- **RAW DATA**:

────────────────────────────────────────

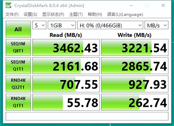 接下来是CrystalDiskMark测试,基础读取速度3462MB/s,写入速度3221MB/s,表现也是相当亮眼。
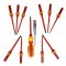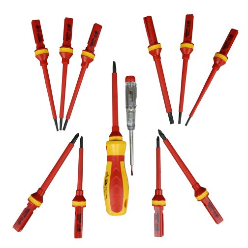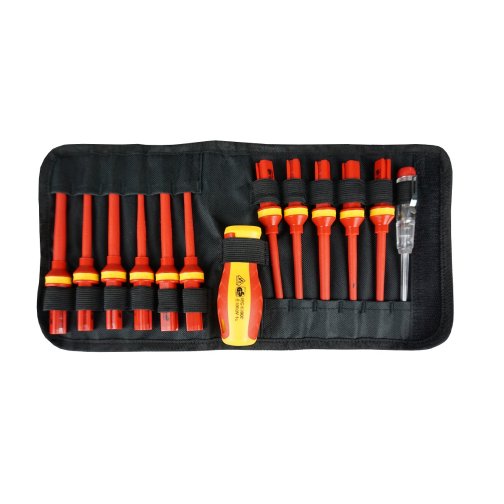 2 шт. – сменная насадка крестовая диэлектрическая до 1000V: PH2x100мм, PH1x80мм; 2 шт. – сменная насадка Pozidirv диэлектрическая до 1000V: PZ2x100мм, PZ1x80мм; 3шт. – отвертка Torx:T20x100мм,T15x100мм,T10x100мм; 1 шт. – отвертка индикатор до 1000V; 1шт. – ручка диэлектрическая до 1000V. Материал: CR-V6150. Твердость материала 51-54 HRC. Упаковка: матерчатый чехол + цветная коробка. Инструмент выполнен из токонепроводящих материалов, что позволяет использовать его для работ с высоким напряжением до 1000V. Соответствует IEC 60900. В состав набора входит отвёртка-индикатор со встроенной неоновой лампой внутри, на одном конце которой жало, на другом — шунтовой контакт.
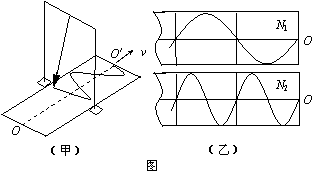 如图(甲)所示是用沙摆演示振动图象的实验装置,沙摆的运动可看作简谐运动,实验时在木板上留下图示的痕迹。图(乙)是两个沙摆在各自板上形成的曲线,若板N1和板N2拉动的速度v1和v2的关系为v2=2v1,则板N1和板N2上曲线所代表的振动周期T1和T2的关系为
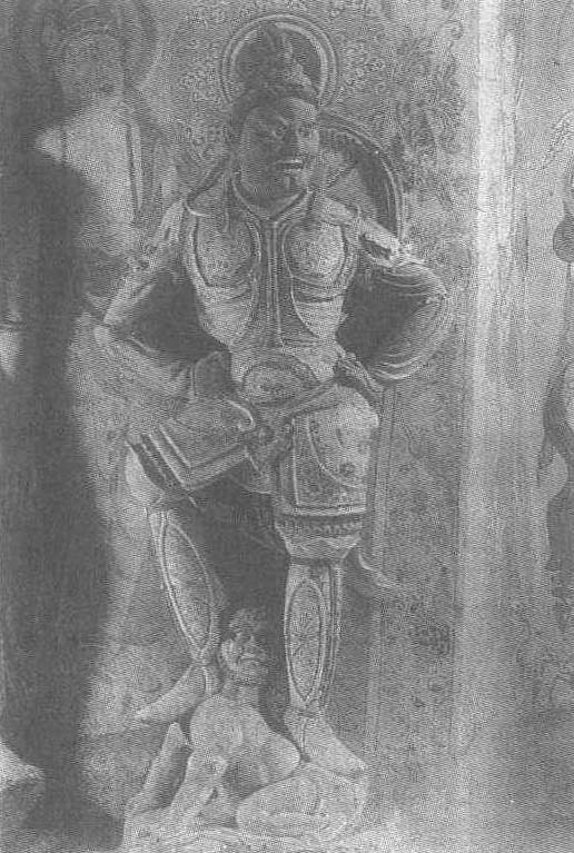 | 释义 | 彩塑天王像盛唐。167厘米。甘肃省敦煌县莫高窟第46窟西龛内北侧。石窟造像中,护法天王多塑成武将的形象,只是面部及姿态较武将更为夸张。此天王身披铠甲,其上绘画精致。脚蹬战靴,眉头紧蹙,怒目圆睁,张口露齿似在呵叱。双手插腰,弓步横踏于地神的臀部及胸部,形象威武有力。脚下的地神卷发虬髯,双眼圆睁,唇角下耷,在天王的重压下表现出紧张和不堪重负。对比之下,益发衬托出天王的形象高大和勇武。

────────────────────────────────────────

- **ABOUT THIS TASK**: Word for word, give the listing above again, but drop any pictures.

- **THE COMPLETED TASK**:
 接下来是CrystalDiskMark测试,基础读取速度3462MB/s,写入速度3221MB/s,表现也是相当亮眼。
 2 шт. – сменная насадка крестовая диэлектрическая до 1000V: PH2x100мм, PH1x80мм; 2 шт. – сменная насадка Pozidirv диэлектрическая до 1000V: PZ2x100мм, PZ1x80мм; 3шт. – отвертка Torx:T20x100мм,T15x100мм,T10x100мм; 1 шт. – отвертка индикатор до 1000V; 1шт. – ручка диэлектрическая до 1000V. Материал: CR-V6150. Твердость материала 51-54 HRC. Упаковка: матерчатый чехол + цветная коробка. Инструмент выполнен из токонепроводящих материалов, что позволяет использовать его для работ с высоким напряжением до 1000V. Соответствует IEC 60900. В состав набора входит отвёртка-индикатор со встроенной неоновой лампой внутри, на одном конце которой жало, на другом — шунтовой контакт.
 如图(甲)所示是用沙摆演示振动图象的实验装置,沙摆的运动可看作简谐运动,实验时在木板上留下图示的痕迹。图(乙)是两个沙摆在各自板上形成的曲线,若板N1和板N2拉动的速度v1和v2的关系为v2=2v1,则板N1和板N2上曲线所代表的振动周期T1和T2的关系为
 | 释义 | 彩塑天王像盛唐。167厘米。甘肃省敦煌县莫高窟第46窟西龛内北侧。石窟造像中,护法天王多塑成武将的形象,只是面部及姿态较武将更为夸张。此天王身披铠甲,其上绘画精致。脚蹬战靴,眉头紧蹙,怒目圆睁,张口露齿似在呵叱。双手插腰,弓步横踏于地神的臀部及胸部,形象威武有力。脚下的地神卷发虬髯,双眼圆睁,唇角下耷,在天王的重压下表现出紧张和不堪重负。对比之下,益发衬托出天王的形象高大和勇武。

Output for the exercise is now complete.